Так как же понять, удивляется гражданин Арцишевский, что раньше писатели легко устанавливали связь с жизнью и создавали шедевры, а теперь эту связь так трудно установить{22}.

Удивимся и мы в свою очередь. Гражданин Арцишевский, который в своем письме неоднократно ссылается на мой доклад на июньском съезде Союза польских литераторов{23}, почему-то не заметил в нем абзаца, заключающего, как мне кажется, определенный ответ на волнующий гражданина Арцишевского вопрос. Цитирую его:

«Видеть и воссоздать действительность в революционном развитии, жизнь общества in statu nascendi[10], человека в процессе преобразования; понимать не только факты и события, но и действующие силы, прослеживать, как сквозь наслоения старого сознания пробиваются ростки нового мироощущения, — кто же из нас, писателей и не писателей, может не согласиться, что это действительно трудная задача. Пожалуй, более трудная, независимо от степени таланта или гениальности, чем те трудности, с которыми сталкивались хорошие или блестящие писатели-реалисты минувших эпох, описывавшие одобрительно или критически жизнь своих установившихся, медленно развивающихся обществ».

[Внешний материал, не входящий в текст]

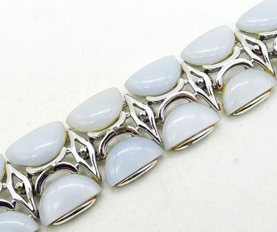 Description: Vintage mid-century pale gray moonglow lucite silver tone link bracelet; a total of nine links inset with back-to-back ultra pale cloudy gray semi-circles. Fold-over clasp.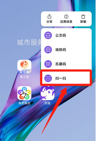 只要你的智能手机有【三维触控】功能,在手机界面长按“灵锡”APP,下拉菜单点击【扫一扫】即可一键触控,直接抵达“灵锡”APP—【扫一扫】界面。使用【扫一扫】扫描各场所“门铃码”,抵达【苏康码】“多码联查”界面!

Да, писательский труд стал теперь — «независимо от степени таланта или гениальности» — труднее, чем прежде. Не с точки зрения якобы необходимости «выбора из чрезвычайно ограниченного числа «дозволенных» тем, конфликтов и решений», как голословно утверждает гражданин Арцишевский, а именно в связи с богатством и динамикой тем, с бурностью нашей жизни, с напряжением происходящей у нас борьбы, с новизной явлений, с темпами и размахом преобразования.

Труднее, естественно, стала прежде всего основная задача писателя: именно то самое «познание жизни». Труднее не только из-за того, что сама она, наша жизнь, так изменчива, подвижна, нетерпелива, что она бурлит от обилия недавно освобожденной энергии, а потому, что принципиальному и решительному изменению подверглось и само положение писателя как наблюдателя жизни.

Даже странно, как легко мы забываем простой факт, что почти все наши современные писатели старшего и среднего поколения, самые зрелые литераторы, определяющие лицо современной литературы, вот уже несколько лет тому назад оказались перед необходимостью отказаться от привычных путей, на которых они привыкли накапливать свое знание жизни, и направить главное внимание на действительность, лежащую не только за границами их собственного опыта, но и вообще за границами их буржуазно-интеллигентской среды! Попросту говоря, они оказались перед лицом необходимости присмотреться к собственному народу. Ибо если до вчерашнего дня только незначительная часть этих писателей знала более или менее деревню и крестьянина (деревню и крестьянина в условиях буржуазного государства), то что же говорить о знании рабочего класса, той «загадочной» силы, которая за десять лет не только стремительно выросла численно, но стала в то же время ведущей силой нации, определяющей развитие нашей новой жизни!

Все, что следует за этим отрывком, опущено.